RECORDS TO USE |
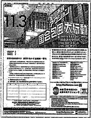
3000万人署名を掲載した市民アクションの意見広告(「朝日」10月22日付)

▽安倍晋三さんの自己中心的な行動がさらに進みそう、年金生活者ですが、寄付金も振り込む予定です。(女性)
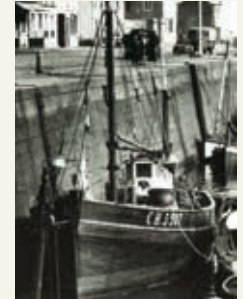
« Saint-Maurice »

Serge LOIT : 06 74 67 88 63 - voiles.cotentines@wanadoo.fr
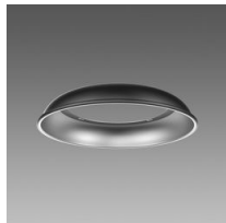
Riflettore Lucente 2.7 - UGR<25
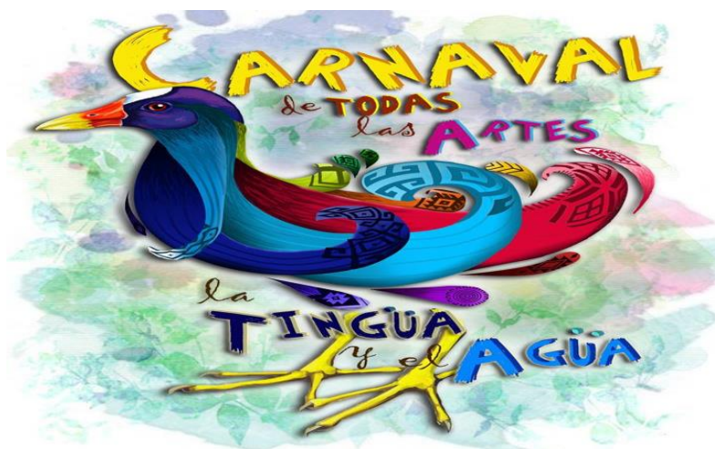
Imagen 9: Flyer del Carnaval de Todas las Artes del 2018. La imagen es la de una Tingua, ave endémica del municipio. Tomado del Facebook de la Semilla (2018).

El Carnaval de Todas Las Artes es un espacio de reflexión sobre las problemáticas ambientales del municipio como la contaminación, producto de las actividades floricultoras, de mega minería, urbanización y otros megaproyectos en el marco de Ciudad Región. También es un espacio para la reivindicación de espacios hídricos como una forma de fortalecer la identidad la población madrileña. Tal como se expresa en el nombre de la actividad se eligen las prácticas culturales y artísticas como forma para trabajar estas dinámicas.
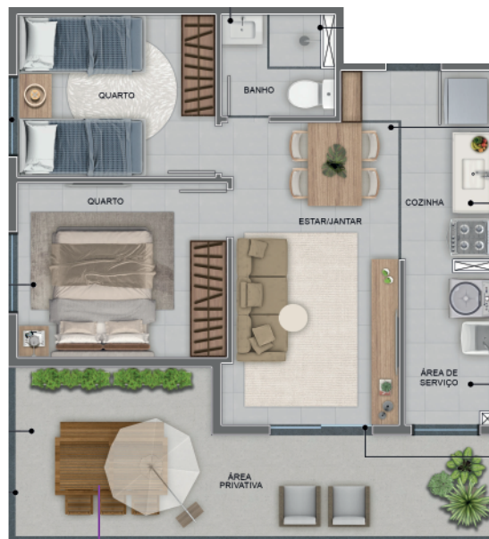
TORRE 02 - APÊ 07
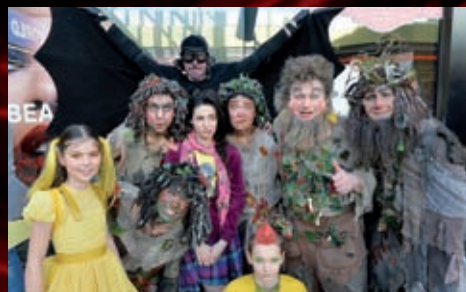
Náš pobádkové bytosti zazpívaly návštěvníkům Olympie několik písniček z muzikálu Let snů LILI.
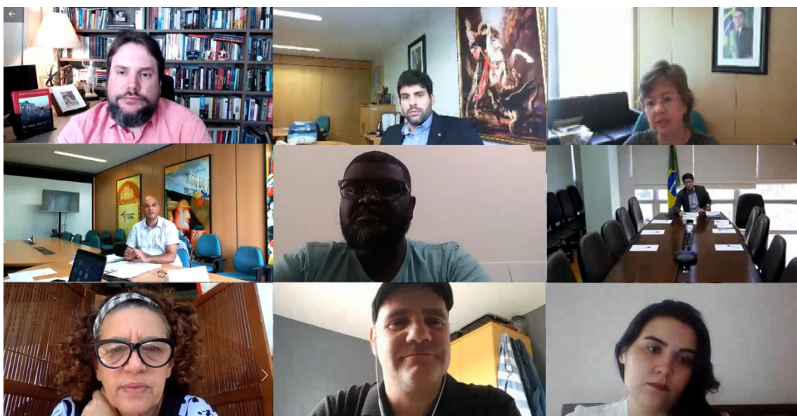
28ª reunião ordinária do CNPC em formato virtual – 26 e 27/11/2020.
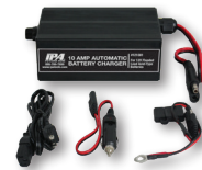
Cargador de Batería Inteligente de 10 amperios
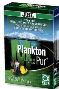
JBL PlanktonPur MEDIUM Petisco para peixes grandes de aquário
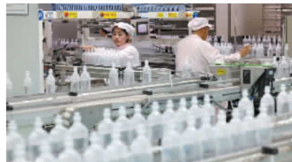
■石家庄四药工人在生产线上忙碌。
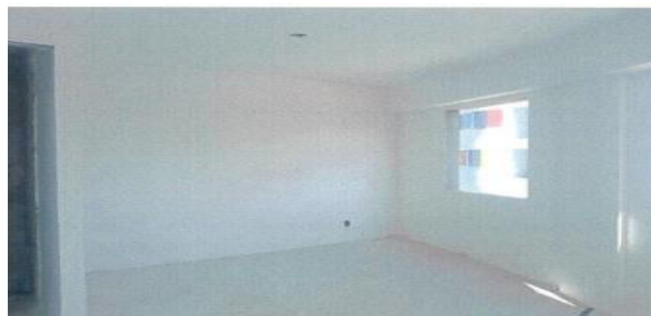
Execução de Gesso Liso - condomínio 5 – Fotos: mar./2023
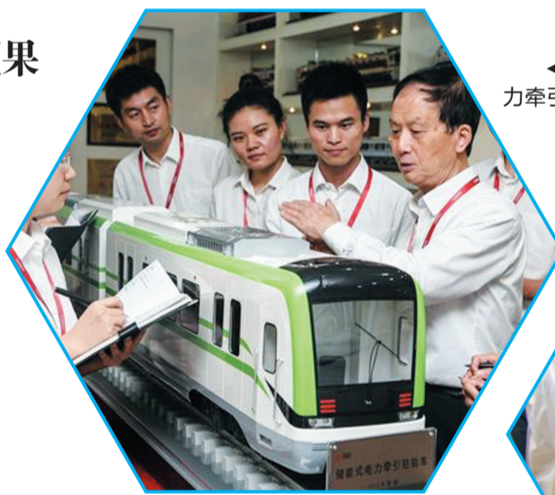
▲刘友梅院士现场解说储能式电力牵引轻轨车运行原理
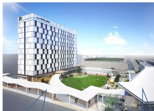
歩行者ネットワーク
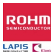
BR25L160F-W ROHM BR25L160F-W ROHM
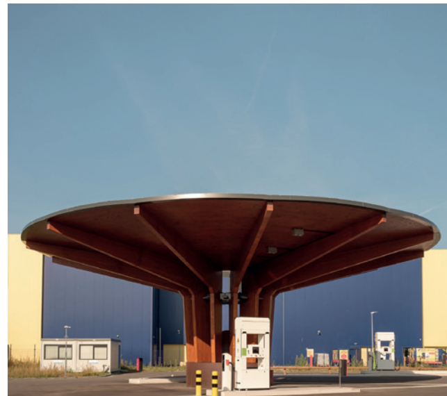
De fractie van D66 wil weten wat er in Amersfoort al gebeurt rondom het thema circulaire stad.

Begin 2025, zodra het college concrete inzichten heeft, komt het onderwerp opnieuw op de agenda. Het college deelt dan zijn bevindingen en zal commissieleden vragen verder mee te denken.
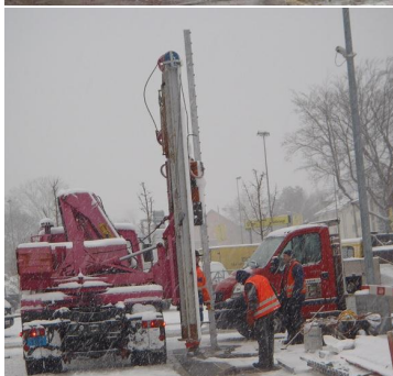
Leitplankenbau in Ausführung bei widrigsten Wetterbedingungen
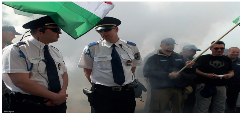
2. ábra: A rendőri képmás felhasználásával kapcsolatos eljárás során kifogásolt kép. Forrás: Dr. Schubauerné dr. Hargitai Veronika: Az alapjogi korlátozások egyes polgári jogi aspektusai, Alkotmányos alapjogi normák érvényesülése a rendőri képmás felhasználásának tükrében. 2019. december 10-ei előadásanyag

Összegzésként a BH 2018.9.248 alapján mutatta be, hogy a tüntetést biztosító rendőrök képmásának hozzájárulásuk nélkül, felismerhető módon való nyilvánosságra hozatala esetén a sajtószabadságnak a jelenkor eseményeiről, illetve a közügyekről való hiteles tájékoztatás alkotmányos jogának van primátusa a közszereplőnek nem minősülő rendőrök emberi méltóságából fakadó személyiségi jogával szemben. Annak ellenére, hogy a tételes jog nem teszi lehetővé annak megállapítását, hogy a közszereplők mellett más személyek esetében is jogszerű lehet a képmás (vagy hangfelvétel) érintett hozzájárulása nélkül történő nyilvánosságra hozatala.

ASSIGNED TASK | Across the listing above, find each line that holds the word "municipio". Give only how many there are.

SOLUTION TO THE PROBLEM | 2